Pemberitaan media belakangan ini terkonsentrasi terhadap status Gunung Agung di Karangasem, Bali yang sudah meningkat menjadi awas. Dengan tiga ratus gempa tremor yang terjadi pada Minggu (24/9/2017), rentang tengah malam hingga dini hari, seolah menjadi pertanda bahwa salah satu dari tiga gunung vulkanik di Pulau Dewata ini siap meletus kapan saja. Ditambah kepulan asap putih membumbung setinggi 200 meter di atas kawah, menandakan gunung tersebut siap memuntahkan laharnya.
Baca Juga: Aktivitas Magma Gunung Agung Meningkat, Angkasa Pura I Siap Antisipasi Dampak Erupsi
Untuk menindaklanjuti kemungkinan Gunung Agung yang bisa meletus kapan saja, evakuasi warga yang tinggal di sekitaran gunung tersebut pun mulai dilakukan secara mandiri. Seperti yang dilansir KabarPenumpang.com dari berbagai sumber, hingga saat ini sudah lebih dari 350.000 warga yang diungsikan ke penampungan sementara. Kemungkinan angka tersebut akan berlipat ganda jika letusan terjadi. Adapun posko pengungsian terletak di radius 9 km dan 1 2km dari kawah Gunung Agung.
Sementara itu, Pusat Vulkanologi dan Mitigasi Bencana Geologi mengumumkan beberapa daerah yang berpotensi hancur akibat letusan gunung berapi tertinggi di Bali ini. Daerah yang berpotensi tinggi mengalami kehancuran akibat aliran lava mencakup 7 km sebelah barat laut jarak maksimum dari kawah, 13 km sebelah timur laut jarak maksimum dari kawah, dan 11 km sebelah tenggara jarak maksimum dari kawah.
Diketahui, Gunung Agung terakhir meletus pada tahun 1963 dan beristirahat hingga kini. Pada letusan yang terjadi sejak 2 Februari 1963 hingga 27 Januari 1964, menewaskan 1.549 orang, menghancurkan 1.700 rumah, dan sekitar 225.000 orang kehilangan mata pencaharian mereka. Tidak hanya berdampak pada warga Bali, letusan gunung tersebut pun tercatat menurunkan suhu bumi sebesar 0,4 derajat celcius. Hal itu disebabkan oleh material vulkanik dari gunung yang terbang hingga jarak 14.400 km dan “bersemayam” di atmosfer bumi.
Mengingat Pulau Dewata merupakan destinasi wisata favorit para wisman, mulai banyak travel advise yang diterbitkan oleh beberapa negara, karena pemberitaan tentang gunung ini dengan cepat menyebar ke seluruh dunia.
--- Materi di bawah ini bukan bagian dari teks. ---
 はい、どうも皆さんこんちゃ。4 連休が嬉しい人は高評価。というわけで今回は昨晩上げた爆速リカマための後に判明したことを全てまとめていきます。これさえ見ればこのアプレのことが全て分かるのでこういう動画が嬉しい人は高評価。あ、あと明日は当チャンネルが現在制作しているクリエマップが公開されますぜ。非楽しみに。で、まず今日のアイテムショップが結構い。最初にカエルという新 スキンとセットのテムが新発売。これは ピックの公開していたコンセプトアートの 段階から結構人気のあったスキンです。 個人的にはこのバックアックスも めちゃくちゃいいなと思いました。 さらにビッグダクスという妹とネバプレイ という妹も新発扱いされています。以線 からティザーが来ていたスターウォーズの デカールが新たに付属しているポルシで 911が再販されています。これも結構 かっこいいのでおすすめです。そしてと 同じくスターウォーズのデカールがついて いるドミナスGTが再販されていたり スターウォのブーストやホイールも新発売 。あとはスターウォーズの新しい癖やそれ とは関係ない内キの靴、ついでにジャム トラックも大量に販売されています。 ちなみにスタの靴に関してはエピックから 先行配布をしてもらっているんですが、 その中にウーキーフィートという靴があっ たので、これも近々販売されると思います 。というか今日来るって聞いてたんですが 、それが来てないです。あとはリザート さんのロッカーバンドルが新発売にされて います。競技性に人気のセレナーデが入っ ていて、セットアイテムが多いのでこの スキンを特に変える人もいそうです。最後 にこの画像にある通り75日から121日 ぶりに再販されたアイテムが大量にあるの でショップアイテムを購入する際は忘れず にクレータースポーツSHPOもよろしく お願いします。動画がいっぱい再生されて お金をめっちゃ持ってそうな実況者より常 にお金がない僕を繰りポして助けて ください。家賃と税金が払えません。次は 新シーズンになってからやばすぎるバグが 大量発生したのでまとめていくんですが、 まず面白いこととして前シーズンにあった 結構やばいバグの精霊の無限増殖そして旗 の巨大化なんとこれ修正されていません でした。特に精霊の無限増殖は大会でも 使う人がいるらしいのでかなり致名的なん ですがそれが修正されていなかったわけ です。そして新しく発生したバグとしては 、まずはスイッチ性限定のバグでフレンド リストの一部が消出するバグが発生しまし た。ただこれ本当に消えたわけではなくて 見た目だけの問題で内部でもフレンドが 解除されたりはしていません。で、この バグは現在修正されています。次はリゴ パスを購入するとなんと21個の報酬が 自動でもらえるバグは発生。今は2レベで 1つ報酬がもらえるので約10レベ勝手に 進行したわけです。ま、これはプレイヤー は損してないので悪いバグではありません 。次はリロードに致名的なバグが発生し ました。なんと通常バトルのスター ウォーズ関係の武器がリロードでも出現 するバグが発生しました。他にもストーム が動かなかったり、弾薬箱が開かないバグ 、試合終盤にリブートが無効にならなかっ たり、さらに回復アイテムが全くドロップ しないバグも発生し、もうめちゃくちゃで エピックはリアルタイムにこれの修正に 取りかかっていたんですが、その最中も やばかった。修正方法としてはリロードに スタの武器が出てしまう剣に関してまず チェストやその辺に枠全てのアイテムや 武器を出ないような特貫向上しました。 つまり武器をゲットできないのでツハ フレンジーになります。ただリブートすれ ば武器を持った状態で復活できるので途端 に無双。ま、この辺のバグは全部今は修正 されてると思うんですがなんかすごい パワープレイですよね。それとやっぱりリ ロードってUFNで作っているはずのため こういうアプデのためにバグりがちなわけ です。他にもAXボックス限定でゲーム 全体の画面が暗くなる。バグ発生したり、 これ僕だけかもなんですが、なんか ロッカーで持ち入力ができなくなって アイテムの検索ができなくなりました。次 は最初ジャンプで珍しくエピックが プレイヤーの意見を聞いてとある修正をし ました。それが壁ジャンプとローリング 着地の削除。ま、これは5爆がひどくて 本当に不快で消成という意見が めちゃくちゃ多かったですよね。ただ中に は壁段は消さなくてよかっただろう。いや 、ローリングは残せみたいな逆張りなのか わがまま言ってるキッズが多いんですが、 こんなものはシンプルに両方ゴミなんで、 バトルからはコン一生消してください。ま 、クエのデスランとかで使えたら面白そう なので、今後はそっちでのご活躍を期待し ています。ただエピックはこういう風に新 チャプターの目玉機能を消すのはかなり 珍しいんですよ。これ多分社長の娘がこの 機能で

Sebut saja Departemen Luar Negeri dan Perdagangan Australia menyarankan agar menunda semua kegiatan di luar ruangan yang dilakukan oleh warganya di Bali. Wisatawan didesak oleh Departemen untuk selalu waspada saat berkunjung ke Bali, terutama ketika kondisi yang kurang kondusif seperti sekarang.
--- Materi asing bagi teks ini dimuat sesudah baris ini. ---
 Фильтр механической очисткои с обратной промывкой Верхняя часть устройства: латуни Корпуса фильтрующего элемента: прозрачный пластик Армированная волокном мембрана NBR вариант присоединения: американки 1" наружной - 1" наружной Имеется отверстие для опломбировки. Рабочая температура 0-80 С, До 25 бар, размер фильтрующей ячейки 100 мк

Berbeda dengan Kementerian Luar Negeri Inggris yang mendesak semua warga negaranya yang berada di Bali untuk tetap mematuhi peraturan yang diberlakukan oleh pihak berwenang dan tetap berada di luar zona eksklusi.
Baca Juga: Operasional Bandara Ngurah Rai di Bawah Bayang-Bayang Erupsi Gunung Agung
Sementara itu, pihak Bandara Internasional Ngurah Rai mengaku masih menjalankan roda penerbangan secara normal. “Penerbangan dari dan ke Bandara Ngurah Rai hingga saat ini masih terpantau normal, dengan melayani 50.000 hingga 60.000 pelancong keluar masuk setiap harinya,” tutur General Manager Bandara Internasional Ngurah Rai, Yanus Suprayogi.
Adapun AirNav Indonesia menyiapkan skenario pengalihan penerbangan menuju Bali jikalau Gunung Agung erupsi. Setidaknya, ada 10 bandara yang siap menampung penerbangan menuju bandara Ngurah Rai, yaitu Jakarta, Solo, Surabaya, Banyuwangi, Lombok, Ambon, Manado, Makassar, Balikpapan, dan Kupang.
“Kita akan buat skenario yang detail jika ada erupsi. Kalau terjadi siang bagaimana, sore bagaimana, kalau malam bagaimana. Karena ini berbeda situasi traffic-nya kalau pagi-siang sibuk, mungkin malam agak sepi. Tapi paling penting kita mengatasi pesawat yang di udara ini tidak terkena abu,” papar Direktur AirNav Indonesia, Novie Riyanto.